Pandemic of the forgotten: The New York Times calls it a “pandemic of the forgotten: About seven million Americans who have compromised immune systems from cancer treatments, transplants or other medical conditions. For many, it still feels like the worst days of the early pandemic, before vaccines brought some semblance of safety and protection from COVID .… Many people who are immunocompromised never really stopped behaving the way we all behaved in 2020…. They are vaccinated, but may still be unprotected. Some of them haven’t seen their family or friends in two years.” On a relative population basis, that means about 560,000 Australians fall into this immunocompromised category. They are very unlikely to be returning to classroom study any time soon, except with very strict health considerations.

Poverty makes you sick. “It does this by limiting your access to services and supports, through money or other factors such as the type of job you work. People at the ‘lower end’ of the social gradient also tend to receive poorer quality health care. Unfortunately, this social gradient is now clear in the data on Australian COVID deaths,” write Gemma Carey and Ben O'Mara.

What does this mean for Australia’s adult and community education (ACE) providers delivering skills training and basic education? Remember, this is the Australian VET (skills) sector which achieves the highest percentage of improved employment prospects, with 13% of completing students moving from unemployment to employment, more than any other skills sector. While the ACE sector specialises in delivering to vulnerable and disadvantaged groups, these same groups have been most impacted by COVID-19. And not just incidence, but lifestyle and other impacts – loss of work, required isolation and withdrawal from education and training. As CCA discovered in its February 2022 members survey, disadvantaged groups have consistently been withdrawing from training, with student numbers down on average almost half of what they were in 2020 and 2021, both of them difficult COVID years.

VET providers need to remain closely connected to their communities: As community-based organisations, ACE providers are closer to their students and their communities than almost all of the – increasingly centralised – government-run TAFE systems, and the massively large number of for-profit providers, representing 72% of VET activity in 2020. Most private VET organisations are businesses that focus firstly on making a profit, often choosing to deliver the easiest and most in-demand qualifications, moving to online training when it suits, irrespective of learner needs.

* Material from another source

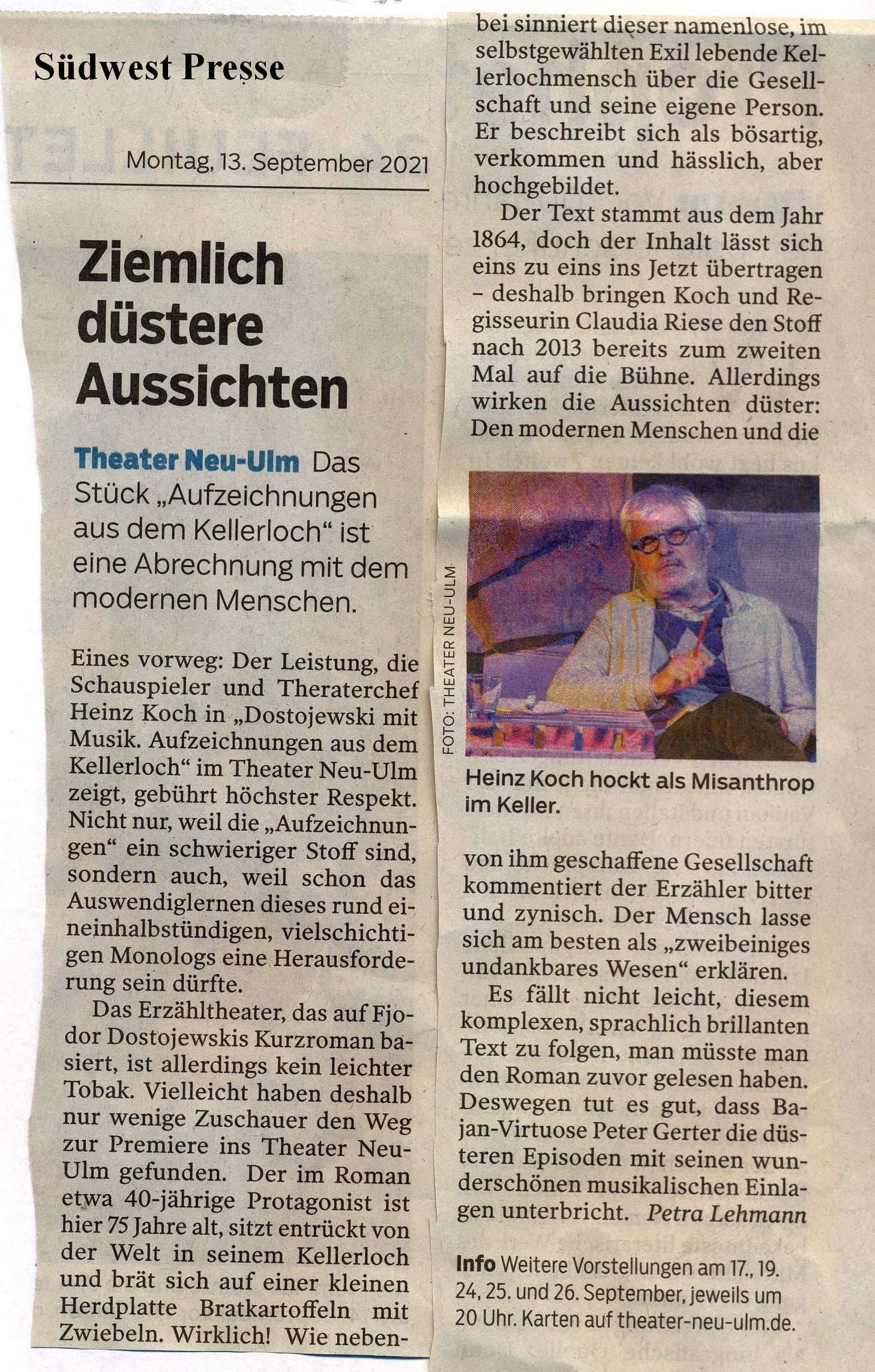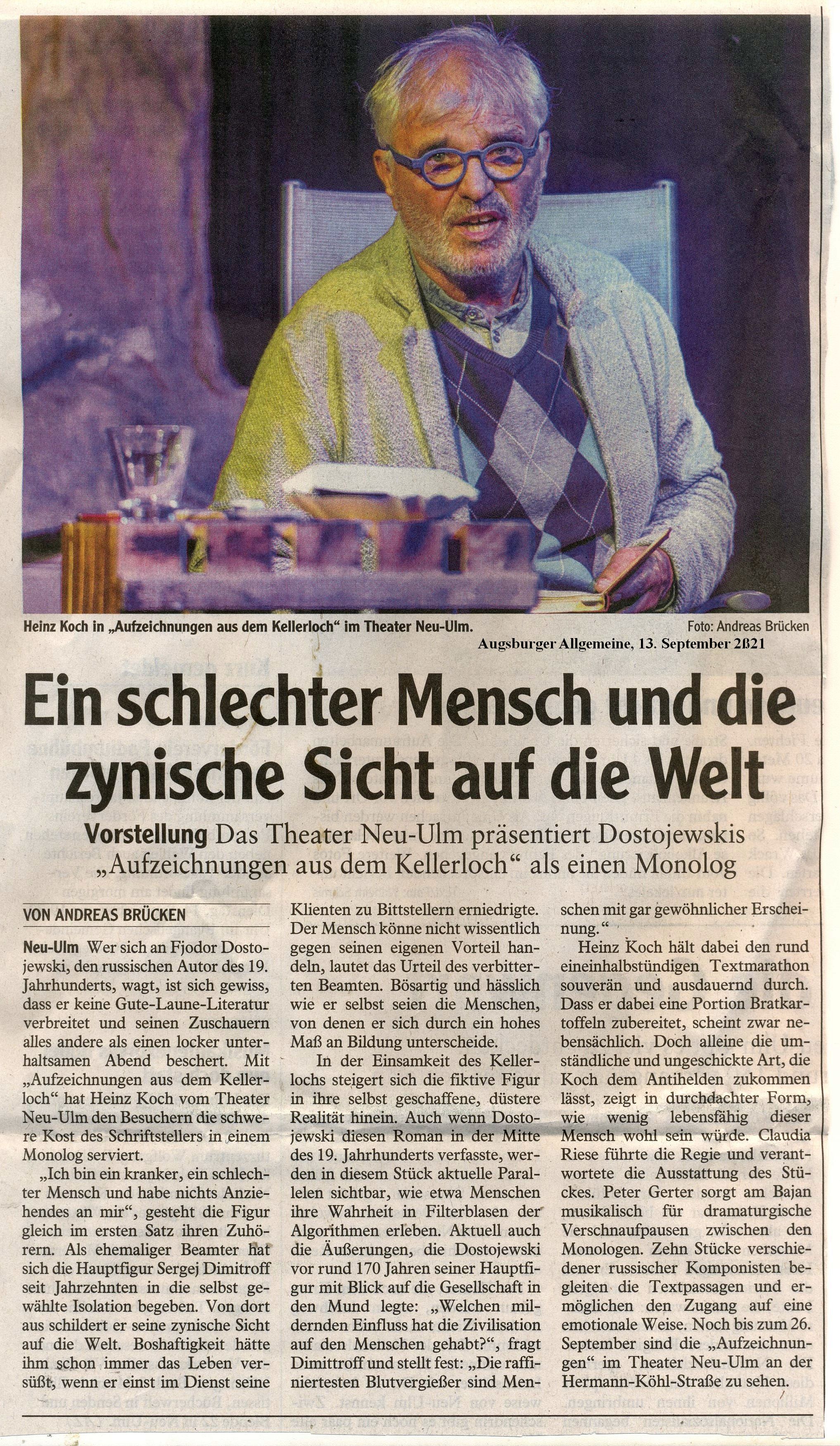 Deshalb hat sich das Neu-Ulmer Theater auch gern mit den "Aufzeichnungen aus dem Kellerloch" befasst und sie für die Bühne bearbeitet. Heinz Koch bringt zentrale Passagen dieses auf- und anregenden, zu Teilen auch amüsierenden Textes.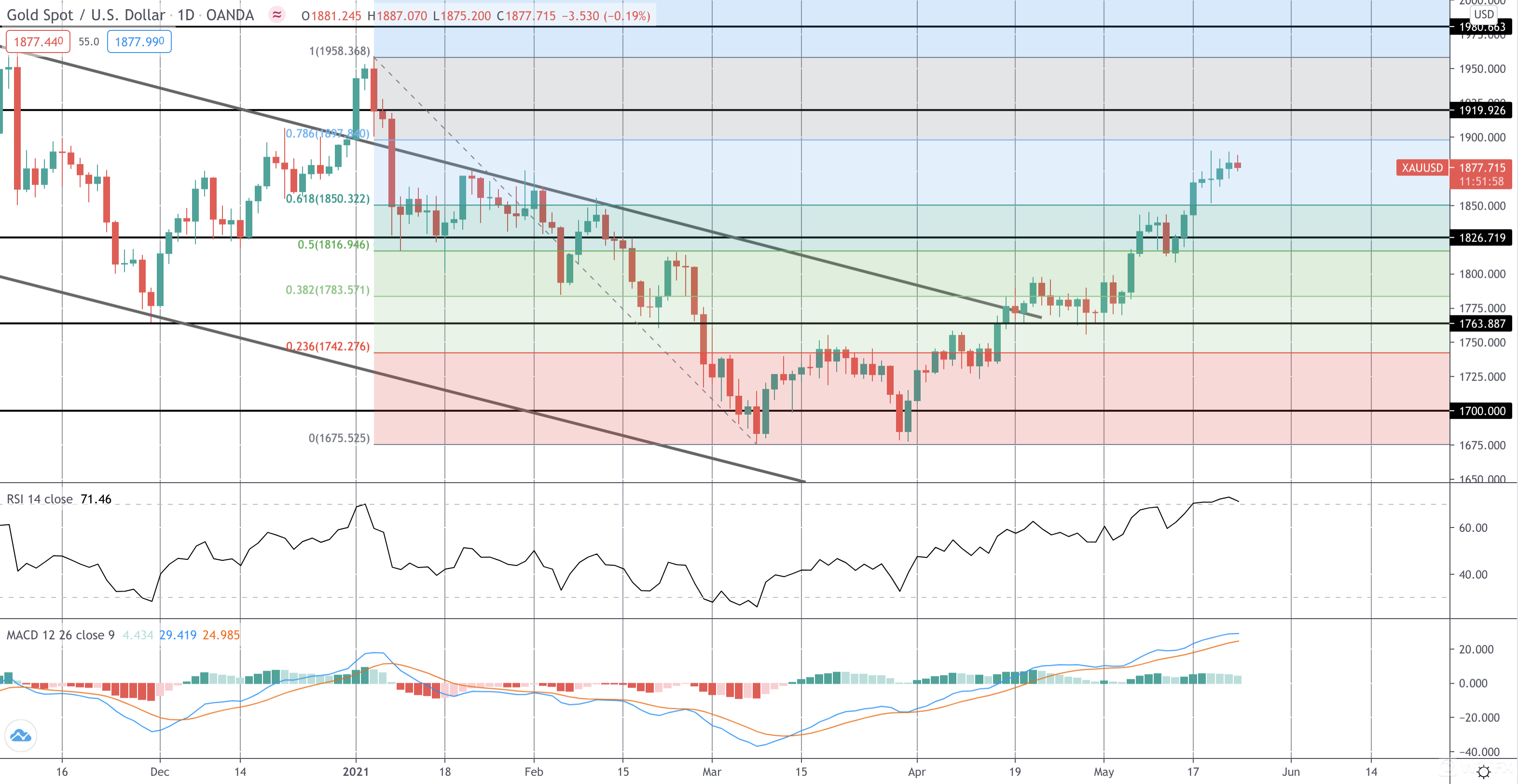黄金价格从去年的高点突破熊市通道后,市场就从高点回撤至50%的回撤位上方。 在RSI和MACD的支撑下,关注的焦点是进一步上扬,然后测试下一个61.8%的回撤位,在1900水平附近,而1919.92的水平位于该水平之上,是下一个值得关注的阻力位。

Research by Dr Don Zoellner (Charles Darwin University) shows that the “marketisation” policies of state governments has meant a withdrawal of private providers from the harder-to-reach regional and rural locations, leaving the regions substantially to TAFEs and community providers, and increasingly concentrating training locations in inner suburbs of larger cities and major regional centres.

It's time to re-connect adult learning and health outcomes, because the more educated you are, the richer you are and the healthier you are, the less chance you have of contracting – and dying from – COVID-19. Let’s start to break the cycle of health-skills-wealth disadvantage by ensuring that Australian ACE providers have the resources, funding and capabilities they need to do what they do best, which is to reach out to and ensure vulnerable and disadvantaged communities thrive with the skills they require. We will follow through on these issues at the upcoming CCA National ACE Summit on 5 April.

By Dr Don Perlgut, 15 March 2022

Follow-up note on 27 March: The findings outlined above about disadvantaged adult learner disengagement during the pandemic is also reflected in school students. A survey of 38 Australian schools by Pivot found that poorer students and girls suffered most in pandemic, with low family income the highest predictor of problems with sleep, schoolwork, health, family and friendships.